Batten down the (network) hatches

It’s been a long time since we systematically updated our security measures at Earlham CS. I spent some time on that this week. I wanted to share some of the changes we made so that if you’re running a small-to-midsize network you might implement similar fixes.

The bare minimum

We’ve been using two critical and often unmentioned security measures already:

  • physically locking down the data center
  • running a network firewall

These two things alone do a lot to secure the system.

Securing services

Of course, we also provide a lot of services over the network, everything from web servers to shells. We have to secure access to all of those tools, plus our data. We want the necessary cracks in our firewall have as low a risk as possible of being exploited.

What remained, then, was the installation and configuration of server tools to harden security above and beyond physical locks and firewalls – in a word, “DevSecOps”.

First, on those machines that didn’t already have it, we installed unattended-upgrades (Debian/Ubuntu)/yum-cron (CentOS 7)/dnf-automatic (CentOS 8). We use these to automatically apply security patches to package-managed software. We’re still free to install larger updates each semester manually to minimize disruptions. It’s a good balance of stability and security vigilance.

Next we installed fail2ban on the small number of servers to which our firewall allows SSH access. It detects and blocks possibly-malicious IP addresses trying to connect to the servers. We enabled two “jails” in fail2ban: sshd, which catches likely bad actors attempting ssh connections and bans them for a short time; and recidive, which checks the log records from sshd (and potentially other jails), detects repeat offenders, and imposes longer-lasting bans against them.

(This is the digital equivalent of locking up your house so that the lazy would-be burglar going door-to-door checking knobs can’t get in.)

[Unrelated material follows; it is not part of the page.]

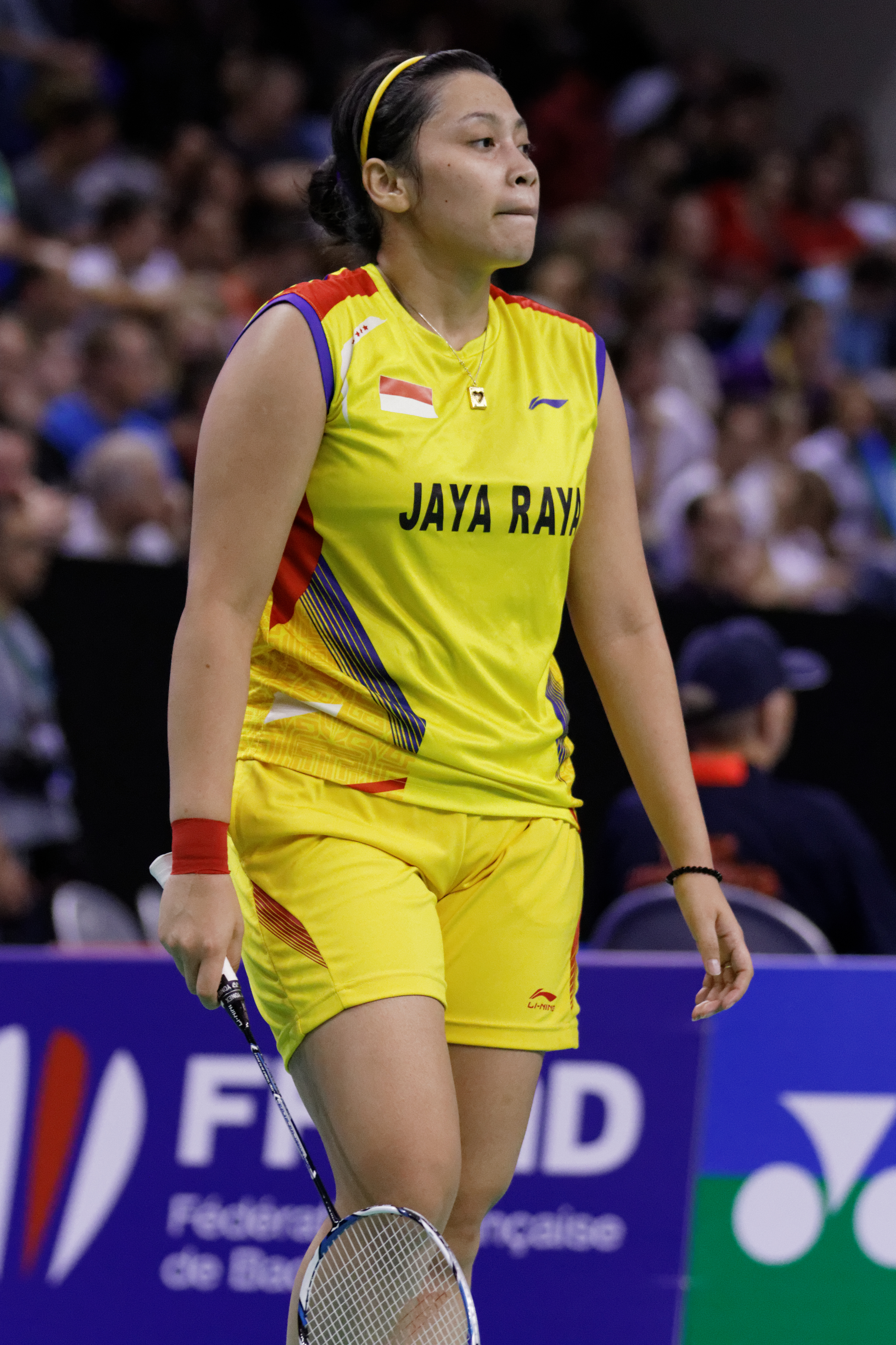 2013 French open. Mixed's doubles eightfinal. Markis Kido and Pia Zebadiah Bernadeth vs Chris Adcock and Gabrielle White.

We then ran trufflehog on our public GitLab repos. It gave us a few warnings but none that actually contained compromising system or user information. I consider this good luck more than anything, and we’re taking steps now proactively to prevent such mistakes.

Still to come

Our next security steps will focus on improved monitoring and notification. This has been an issue in the past for stability, but fixing it will also contribute to security. We are also constantly reevaluating security approaches at a department policy level.

Thanks to this post for pointing me to some of the tools mentioned here.